(EXERCISE MATERIAL)
++++++++++++++++++++

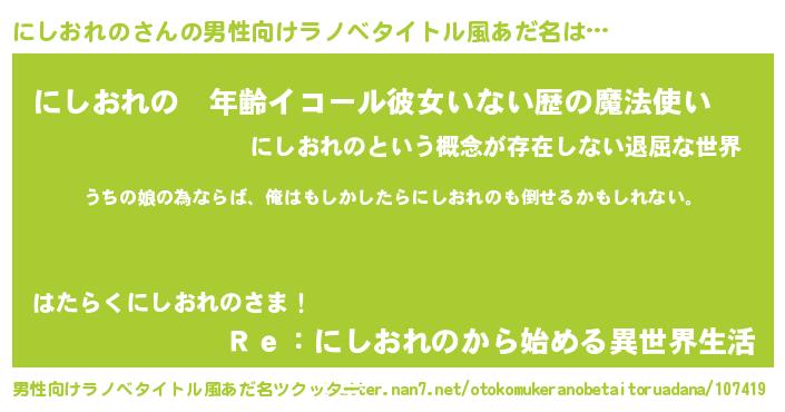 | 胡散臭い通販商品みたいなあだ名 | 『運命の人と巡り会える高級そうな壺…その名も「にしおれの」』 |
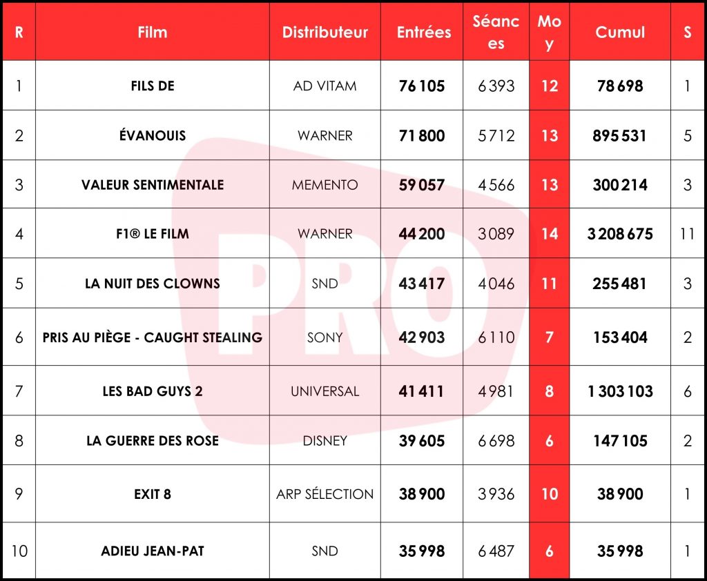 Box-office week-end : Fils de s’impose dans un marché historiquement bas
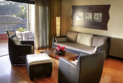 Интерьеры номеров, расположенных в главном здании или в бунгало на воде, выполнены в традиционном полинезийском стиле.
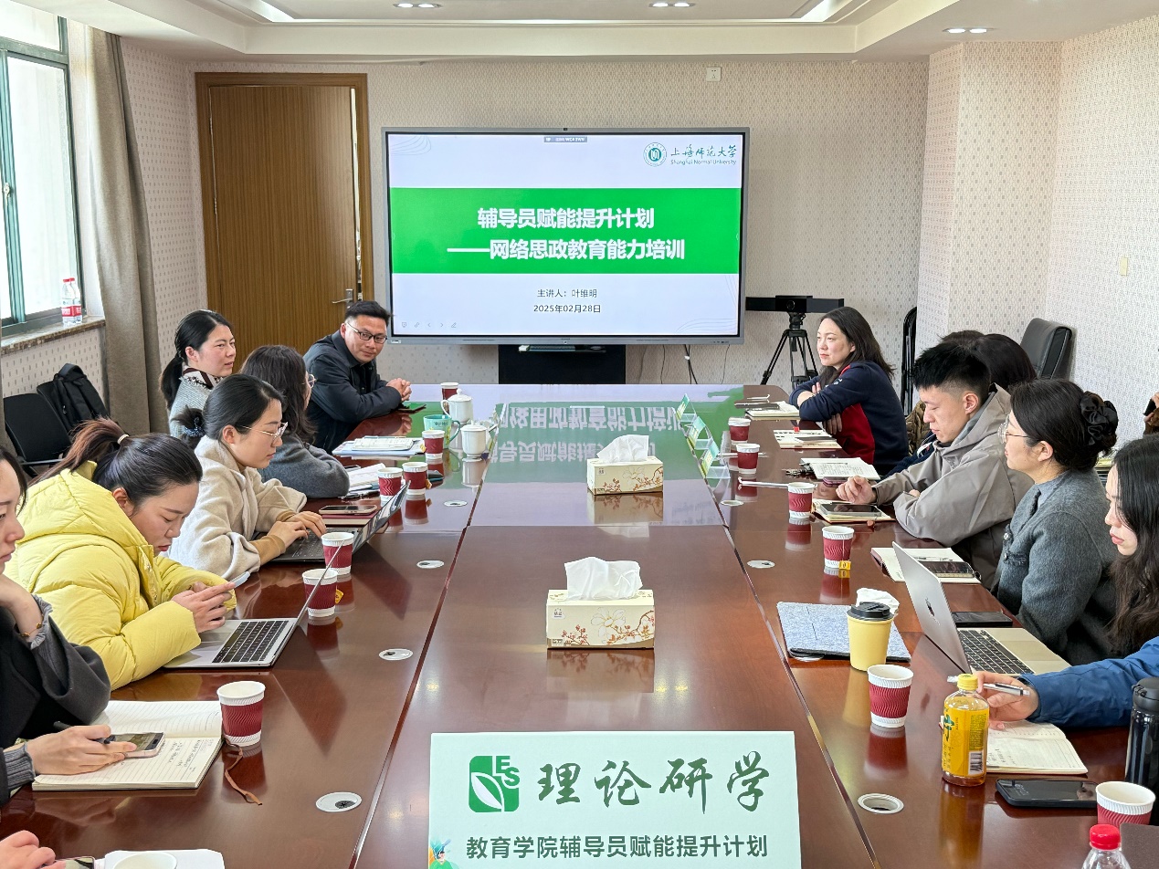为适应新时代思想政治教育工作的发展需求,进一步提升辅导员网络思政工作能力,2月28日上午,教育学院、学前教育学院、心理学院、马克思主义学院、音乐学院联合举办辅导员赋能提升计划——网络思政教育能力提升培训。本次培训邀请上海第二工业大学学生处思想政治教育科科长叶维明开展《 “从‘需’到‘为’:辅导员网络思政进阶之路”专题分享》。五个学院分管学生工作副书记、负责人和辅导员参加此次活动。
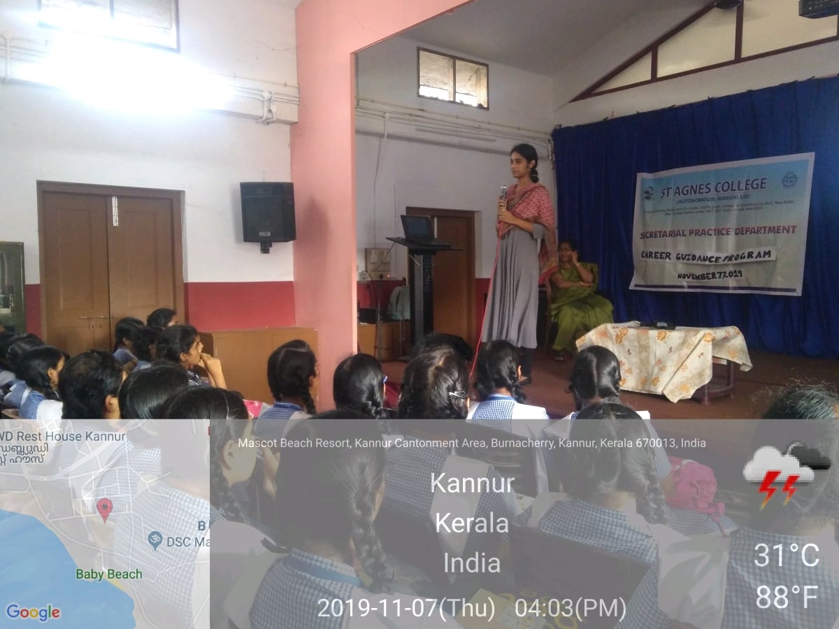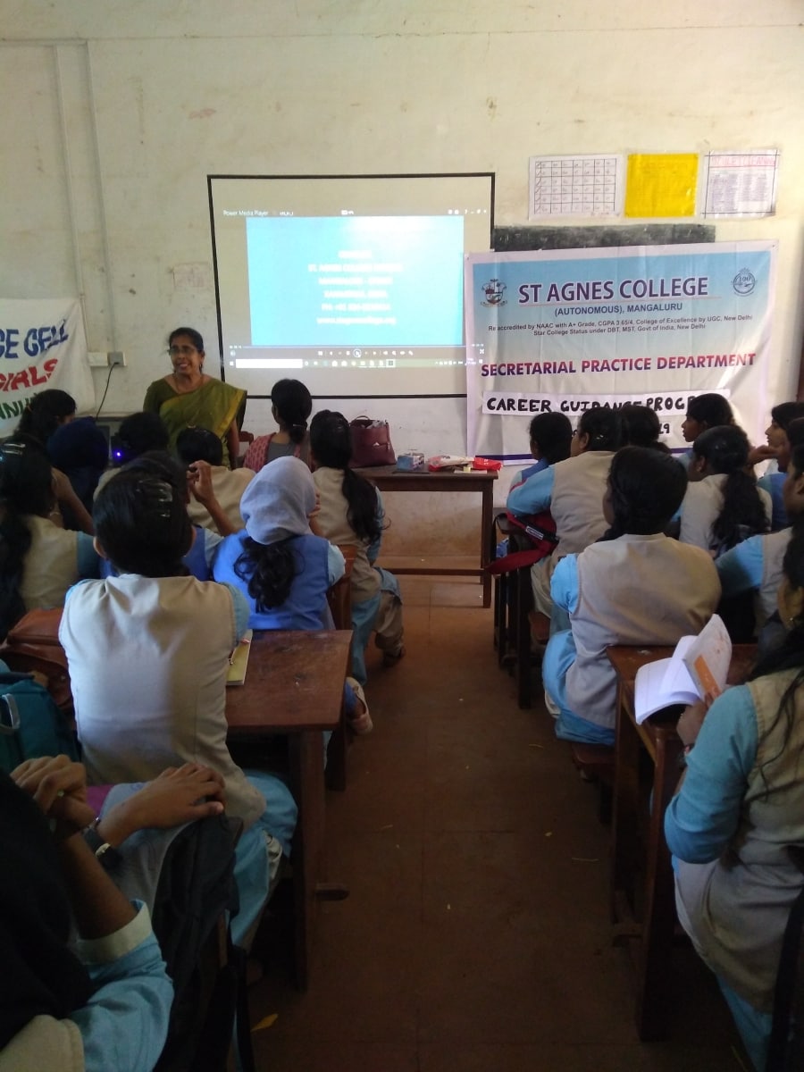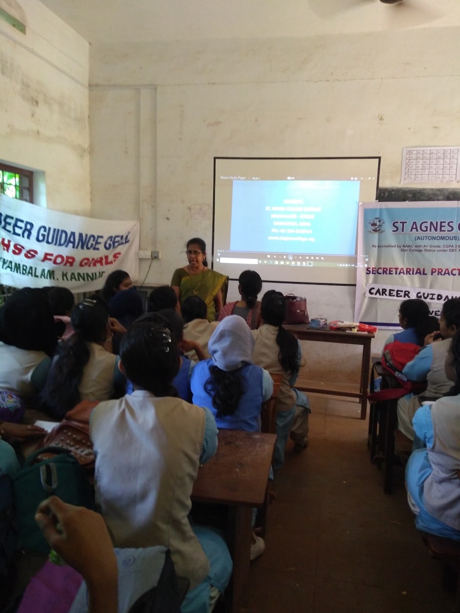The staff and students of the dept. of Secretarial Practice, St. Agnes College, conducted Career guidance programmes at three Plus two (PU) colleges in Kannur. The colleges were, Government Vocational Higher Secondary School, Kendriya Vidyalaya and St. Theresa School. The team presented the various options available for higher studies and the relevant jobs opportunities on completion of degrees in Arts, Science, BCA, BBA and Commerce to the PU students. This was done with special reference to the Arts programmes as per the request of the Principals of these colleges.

++++++++++++++++++++

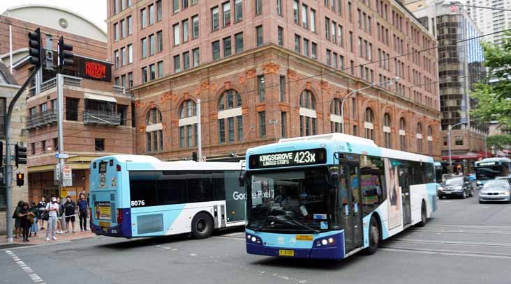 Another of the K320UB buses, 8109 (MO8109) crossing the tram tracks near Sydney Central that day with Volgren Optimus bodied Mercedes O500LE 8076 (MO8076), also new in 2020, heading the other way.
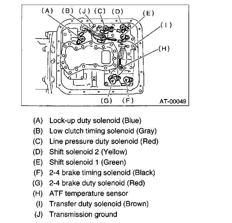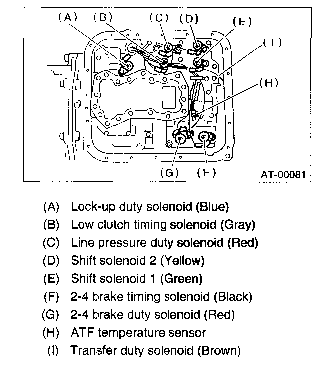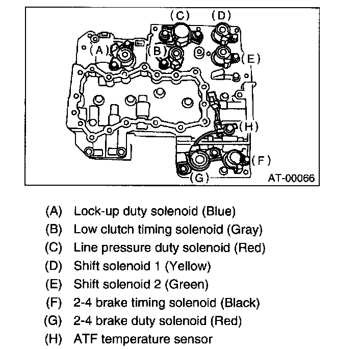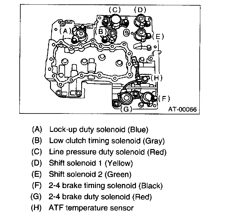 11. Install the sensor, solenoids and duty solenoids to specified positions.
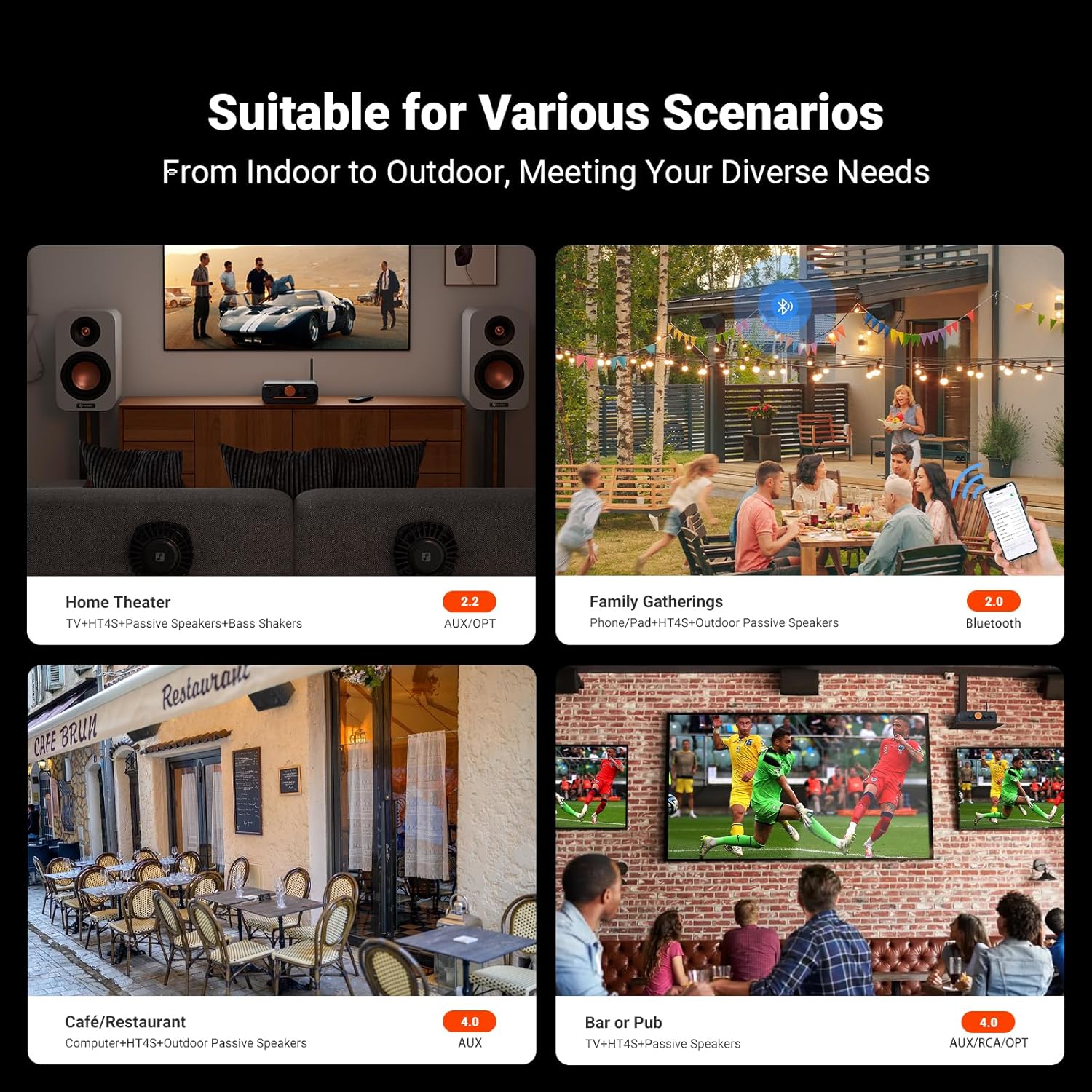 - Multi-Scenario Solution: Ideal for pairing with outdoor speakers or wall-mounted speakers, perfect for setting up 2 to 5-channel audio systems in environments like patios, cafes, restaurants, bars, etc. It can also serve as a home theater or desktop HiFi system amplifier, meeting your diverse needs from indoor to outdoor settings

++++++++++++++++++++

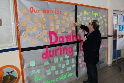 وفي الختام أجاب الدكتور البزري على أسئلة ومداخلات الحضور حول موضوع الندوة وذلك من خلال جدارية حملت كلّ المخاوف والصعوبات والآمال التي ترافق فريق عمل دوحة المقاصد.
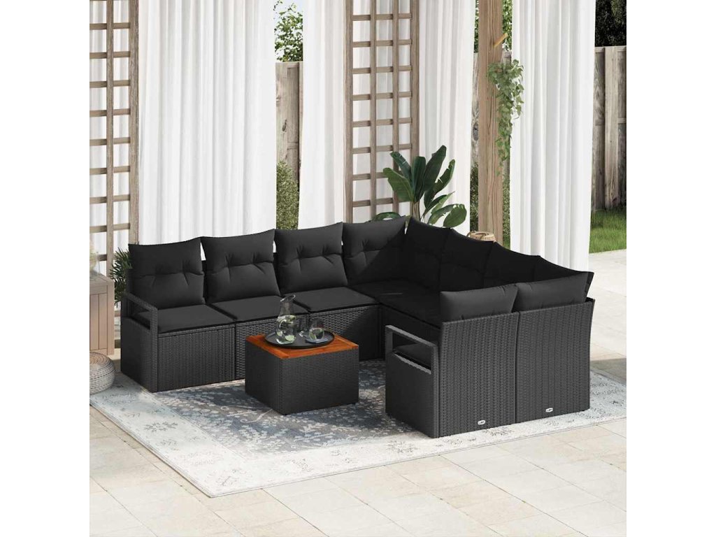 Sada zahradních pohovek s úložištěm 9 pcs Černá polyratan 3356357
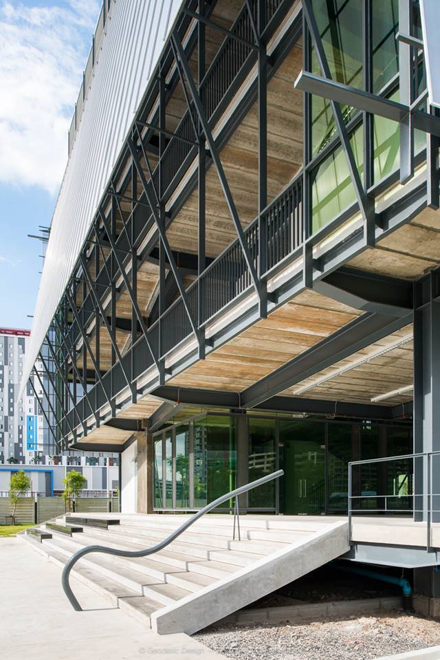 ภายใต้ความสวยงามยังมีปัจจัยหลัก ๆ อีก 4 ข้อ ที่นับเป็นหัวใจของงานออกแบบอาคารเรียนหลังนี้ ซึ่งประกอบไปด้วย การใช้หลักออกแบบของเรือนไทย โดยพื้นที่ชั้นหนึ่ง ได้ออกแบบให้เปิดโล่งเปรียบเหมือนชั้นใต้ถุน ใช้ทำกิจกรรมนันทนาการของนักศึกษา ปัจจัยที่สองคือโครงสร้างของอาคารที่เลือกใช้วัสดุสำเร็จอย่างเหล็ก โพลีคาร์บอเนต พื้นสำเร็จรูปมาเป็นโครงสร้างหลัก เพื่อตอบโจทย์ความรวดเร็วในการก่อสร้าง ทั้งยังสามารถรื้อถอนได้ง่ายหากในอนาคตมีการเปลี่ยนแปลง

++++++++++++++++++++

(PROBLEM TO WORK ON) Print the part of the listing above that opens with the line containing "胡散臭い通販商品みたいなあだ名 | 『運命の人と巡り会える高級そうな壺…その名も「にしおれの」』 |" and closes with the line containing "The staff and". Copy it exactly, both ends included, and omit the pictures.

(RESULT)
 | 胡散臭い通販商品みたいなあだ名 | 『運命の人と巡り会える高級そうな壺…その名も「にしおれの」』 |
 Box-office week-end : Fils de s’impose dans un marché historiquement bas
 Интерьеры номеров, расположенных в главном здании или в бунгало на воде, выполнены в традиционном полинезийском стиле.
为适应新时代思想政治教育工作的发展需求,进一步提升辅导员网络思政工作能力,2月28日上午,教育学院、学前教育学院、心理学院、马克思主义学院、音乐学院联合举办辅导员赋能提升计划——网络思政教育能力提升培训。本次培训邀请上海第二工业大学学生处思想政治教育科科长叶维明开展《 “从‘需’到‘为’:辅导员网络思政进阶之路”专题分享》。五个学院分管学生工作副书记、负责人和辅导员参加此次活动。
The staff and students of the dept. of Secretarial Practice, St. Agnes College, conducted Career guidance programmes at three Plus two (PU) colleges in Kannur. The colleges were, Government Vocational Higher Secondary School, Kendriya Vidyalaya and St. Theresa School. The team presented the various options available for higher studies and the relevant jobs opportunities on completion of degrees in Arts, Science, BCA, BBA and Commerce to the PU students. This was done with special reference to the Arts programmes as per the request of the Principals of these colleges.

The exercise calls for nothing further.